EP by Lauren Aquilina
- Released: 22 October 2012
- Genre: Indie pop
- Length: 16:09
- Label: Self-released
- Producer: Daniel Goudie

Lauren Aquilina chronology
|  | Fools (2012) | Sinners (2013) |

= Fools (EP) =

Fools is the debut extended play by English singer-songwriter Lauren Aquilina, self-released on 22 October 2012. Without record label support, independent funding, radio support or any PR, the EP reached number 10 in the main UK iTunes album chart, peaking ahead of many releases from major labels during that week.
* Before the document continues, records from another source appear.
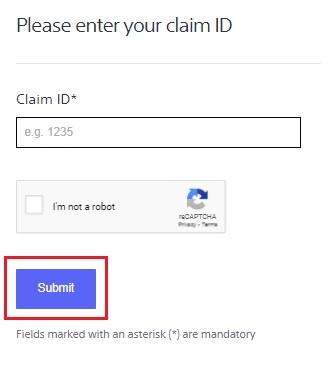 - På sidan Claim Status (status för anspråk) fyller du i det Claim ID (anspråks-ID) som finns i bekräftelsemeddelandet och väljer [Submit] (skicka).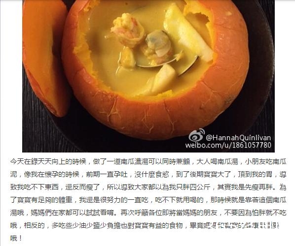 右为月子中心,左为昆凌在吃饭。南瓜盅她在微博中也提到过。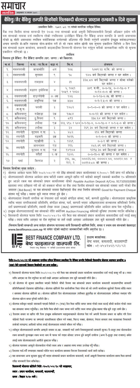 बैकिङ्ग/गैर बैकिङ्ग सम्पत्ति विक्रिको शिलवन्दि वोलपत्र आह्वान सम्वन्धि ७ दिने सूचना (नागरिक दैनिकमा प्रकाशित)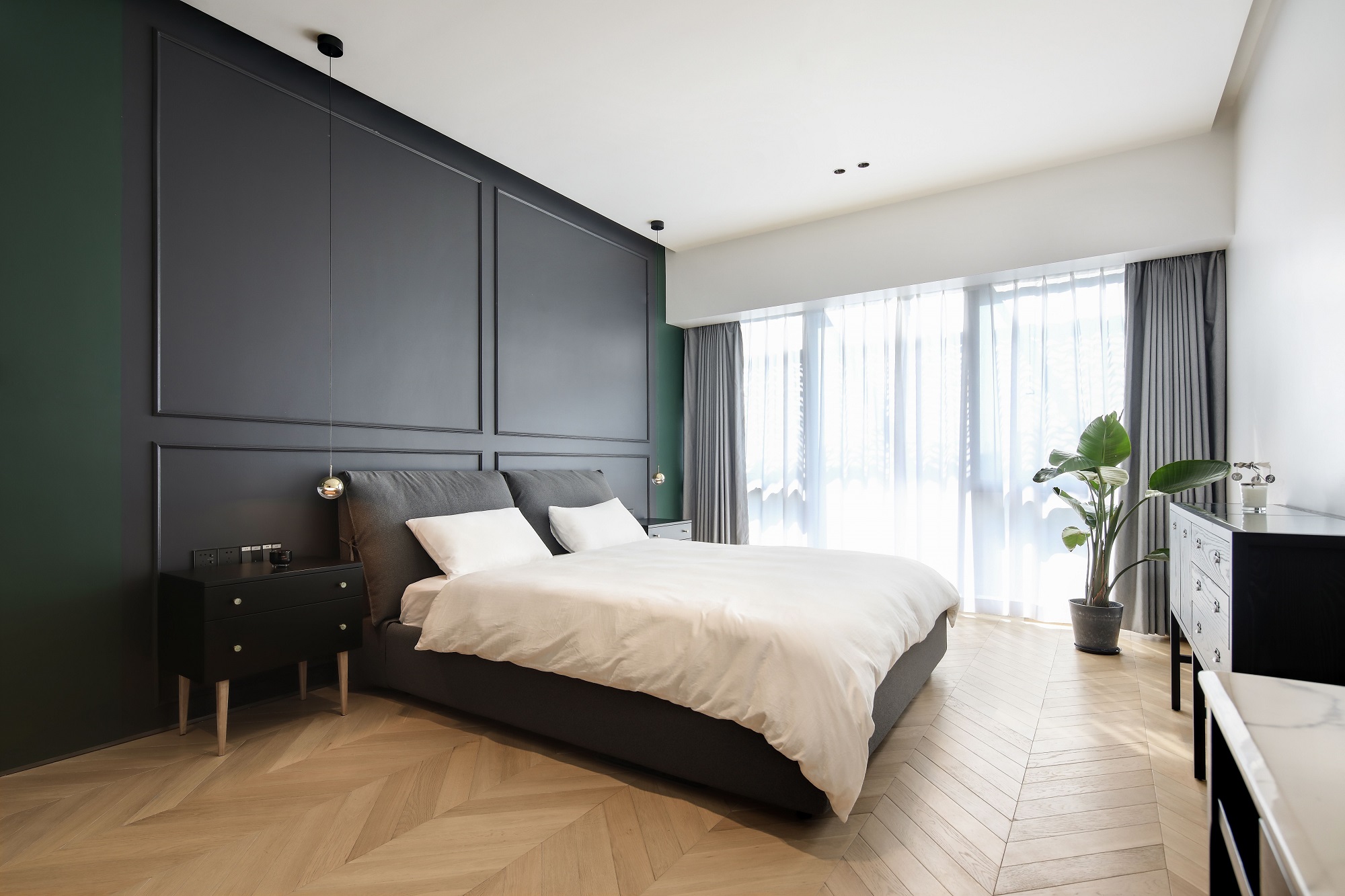 悄然推開門,寧靜的色彩掠去心中浮躁,暖色的魚骨拼木地板調和出空間的平衡,飄逸的白紗,清風拂過,就好像輕柔地吹在心上。拉上遮光窗簾,隔絕喧囂、攏住浪漫~

The title track "Fools" also reached number 72 in the official UK singles chart, making her the only English artist to achieve an official chart placement in 2012.

==Reception==
Fools received critical acclaim upon its release in 2012, Aquilina's loyal fanbase guided her to becoming the biggest selling independent artist in the UK in 2012 with this single release. The title track "Fools" was chosen for BBC Radio 1's 'BBC Introducing Playlist', where the song was played on daytime radio throughout January 2013. During this time, the EP received positive responses from Greg James, Jen Long and Huw Stephens.

==Track listing==

| No. | Title | Length |
|---|---|---|
| 1. | "Fools" | 3:33 |
| 2. | "Lilo" | 3:41 |
| 3. | "King" | 3:58 |
| 4. | "Wonder" | 3:58 |

==Tour==
In February 2013, Aquilina performed her first ever set of headline shows to support the EP's release. The 4-date tour sold-out completely within 2 days of sale.